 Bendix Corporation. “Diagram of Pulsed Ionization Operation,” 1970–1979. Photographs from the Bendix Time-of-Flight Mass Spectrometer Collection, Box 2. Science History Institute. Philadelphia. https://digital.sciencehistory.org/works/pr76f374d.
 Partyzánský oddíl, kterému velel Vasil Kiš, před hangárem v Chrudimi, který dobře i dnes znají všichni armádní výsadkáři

--

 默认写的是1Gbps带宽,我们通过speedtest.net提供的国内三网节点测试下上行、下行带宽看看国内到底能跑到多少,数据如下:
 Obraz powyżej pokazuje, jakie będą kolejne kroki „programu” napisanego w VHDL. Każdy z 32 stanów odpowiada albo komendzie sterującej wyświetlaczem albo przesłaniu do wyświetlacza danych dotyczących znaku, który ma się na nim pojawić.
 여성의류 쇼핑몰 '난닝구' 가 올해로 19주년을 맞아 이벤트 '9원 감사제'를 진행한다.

--

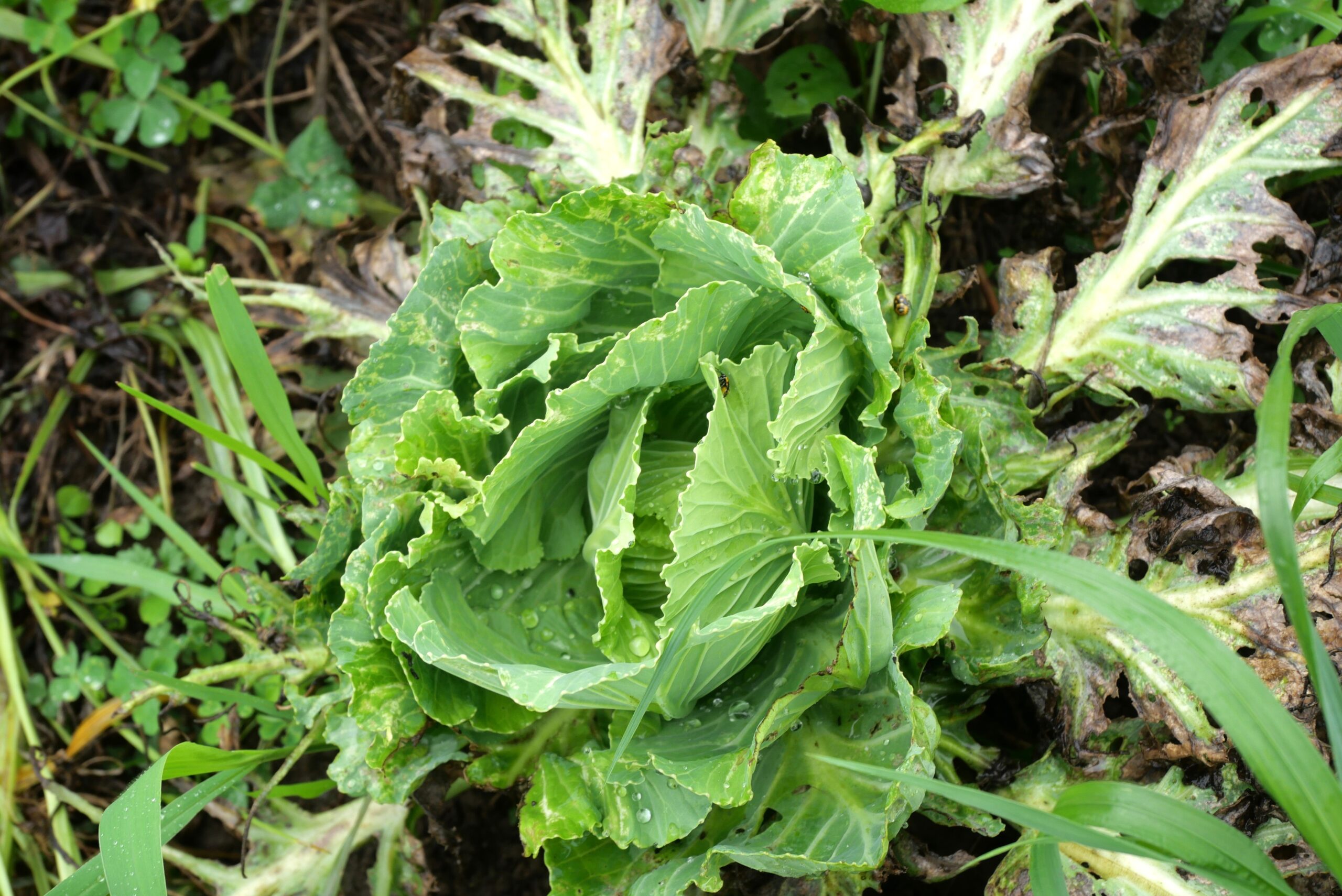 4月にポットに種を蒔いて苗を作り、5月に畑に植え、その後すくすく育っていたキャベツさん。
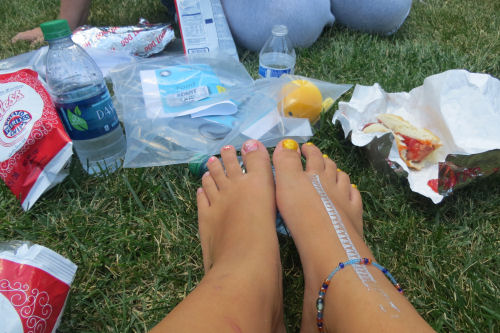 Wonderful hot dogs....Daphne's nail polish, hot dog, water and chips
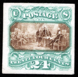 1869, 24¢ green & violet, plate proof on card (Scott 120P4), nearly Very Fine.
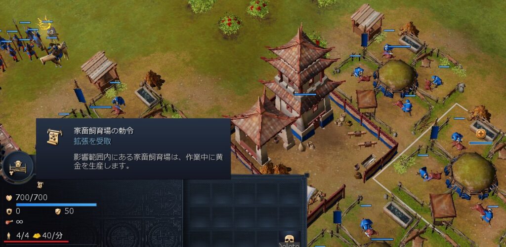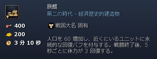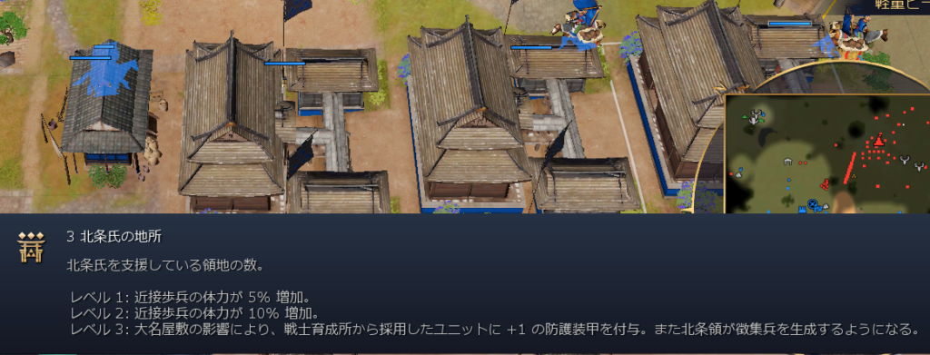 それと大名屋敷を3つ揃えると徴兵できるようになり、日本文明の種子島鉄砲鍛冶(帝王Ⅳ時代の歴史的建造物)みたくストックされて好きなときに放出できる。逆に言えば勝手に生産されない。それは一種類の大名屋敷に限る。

--

What the task requires:
Exactly the lines above from the one with "默认写的是1Gbps带宽,我" to the one with "여성의류 쇼핑몰 '난닝구'", both included, are to be quoted; leave the rest out.

Problem solution:
 默认写的是1Gbps带宽,我们通过speedtest.net提供的国内三网节点测试下上行、下行带宽看看国内到底能跑到多少,数据如下:
 Obraz powyżej pokazuje, jakie będą kolejne kroki „programu” napisanego w VHDL. Każdy z 32 stanów odpowiada albo komendzie sterującej wyświetlaczem albo przesłaniu do wyświetlacza danych dotyczących znaku, który ma się na nim pojawić.
 여성의류 쇼핑몰 '난닝구' 가 올해로 19주년을 맞아 이벤트 '9원 감사제'를 진행한다.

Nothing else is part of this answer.